Reputation: 1092
I'm working with a django application hosted on heroku with redistogo addon:nano pack. I'm using rq, to execute tasks in the background - the tasks are initiated by online users. I've a constraint on increasing number of connections, limited resources I'm afraid.
I'm currently having a single worker running over 'n' number of queues. Each queue uses an instance of connection from the connection pool to handle 'n' different types of task. For instance, lets say if 4 users initiate same type of task, I would like to have my main worker create child processes dynamically, to handle it. Is there a way to achieve required multiprocessing and concurrency?
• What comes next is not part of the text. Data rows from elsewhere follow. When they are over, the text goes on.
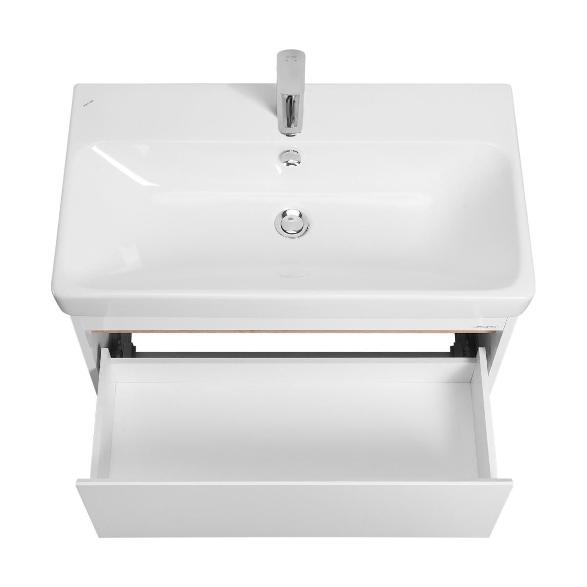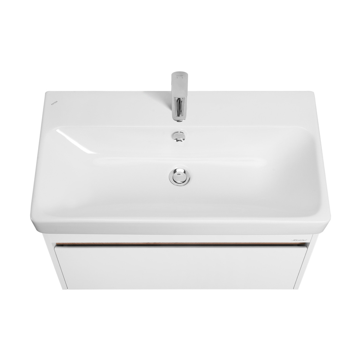 Тумба МАРТИ 80 отличается вместительностью и удобством в использовании: при желании в ящике можно организовать хранение не только шампуней и кремов, но и, например, полотенец. При этом тумба МАРТИ смотрится интересно благодаря выпилу на фасаде, который позволяет открывать тумбу за фасад: в углублении видна контрастная вставка в древесной отделке. Эта акцентная деталь придает модели графичность и позволяет подчеркнуть правильные пропорции тумбы. Корпус и боковые стенки изготовлены из влагостойкой ламинированной ДСП, окрашенной в белый цвет специальной краской ультрафиолетового отверждения для защиты мебели от влаги в условиях ванной комнаты. Декоративная вставка в цвете дуб эндгрейн.
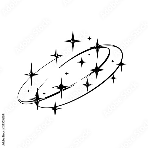 Celestial Orbit: Starbursts and Swirling Lines Illustration
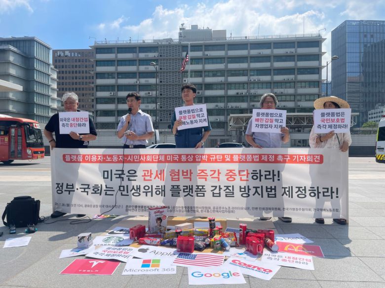 한·미 간 막판 관세 협상이 진행 중인 가운데 소상공인·노동·시민사회단체가 28일 미국 하원이 최근 한국 공정거래위원회에 보낸 온라인 플랫폼법 관련 항의 서한을 ‘내정 간섭’이라며 반발했다. 이들은 공정거래위원회의 온플법 제정을 촉구했다.

I tried with multiprocessing
module, initially without introducing Lock()
; but that exposes and overwrites user passed data to the initiating function, with the previous request data. After applying locks, it restricts second user to initiate the requests by returning a server error - 500
github link #1: Looks like the team is working on the PR; not yet released though!
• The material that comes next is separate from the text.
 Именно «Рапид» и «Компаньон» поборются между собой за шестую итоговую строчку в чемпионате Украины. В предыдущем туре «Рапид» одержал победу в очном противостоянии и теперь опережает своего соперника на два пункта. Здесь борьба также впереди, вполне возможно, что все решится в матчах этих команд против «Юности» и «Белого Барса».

github link #2: This post helps to explain creating more workers at runtime. This solution however also overrides the data. The new request is again processed with the previous requests data.
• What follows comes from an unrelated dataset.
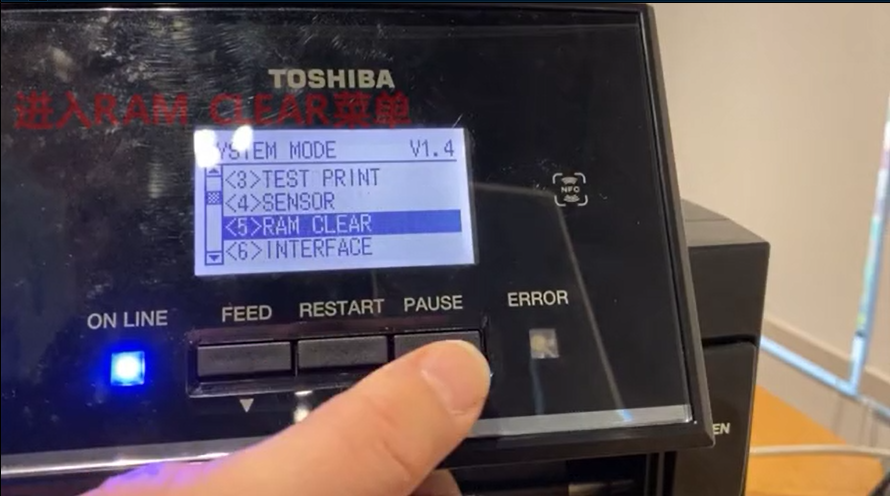 關(guān)機(jī)——同時(shí)按住FEED鍵和PAUSE鍵——開機(jī)——顯示屏顯示英文可以松開FEED和PAUSE鍵了——啟動(dòng)后進(jìn)去系統(tǒng)設(shè)置模式。

Let me know if you need to see some code. I'll try to post a minimal reproducible snippet.
Any thoughts/suggestions/guidelines?
Upvotes: 0
Views: 1958
Reputation:
Did you get a chance to try AutoWorker?
Spawn RQ Workers automatically.
from autoworker import AutoWorker
aw = AutoWorker(queue='high', max_procs=6)
aw.work()
It makes use of multiprocessing
with StrictRedis
from redis
module and following imports from rq
from rq.contrib.legacy import cleanup_ghosts
from rq.queue import Queue
from rq.worker import Worker, WorkerStatus
Upvotes: 2
Reputation: 1092
After looking under the hood, I realised Worker
class is already implementing multiprocessing.
The work
function internally calls execute_job(job, queue)
which in turn as quoted in the module
Spawns a work horse to perform the actual work and passes it a job.
The worker will wait for the work horse and make sure it executes within the given timeout bounds,
or will end the work horse with SIGALRM.
The execute_job()
funtion makes a call to fork_work_horse(job, queue)
implicitly which spawns a work horse to perform the actual work and passes it a job as per the following logic:
def fork_work_horse(self, job, queue):
child_pid = os.fork()
os.environ['RQ_WORKER_ID'] = self.name
os.environ['RQ_JOB_ID'] = job.id
if child_pid == 0:
self.main_work_horse(job, queue)
else:
self._horse_pid = child_pid
self.procline('Forked {0} at {1}'.format(child_pid, time.time()))
The main_work_horse
makes an internal call to perform_job(job, queue)
which makes a few other calls to actually perform the job.
All the steps about The Worker Lifecycle mentioned over rq's official documentation page are taken care within these calls.
It's not the multiprocessing I was expecting, but I guess they have a way of doing things. However my original post is still not answered with this, also I'm still not sure about concurrency..
The documentation there still needs to be worked upon, since it hardly covers the true essence of this library!
Upvotes: 0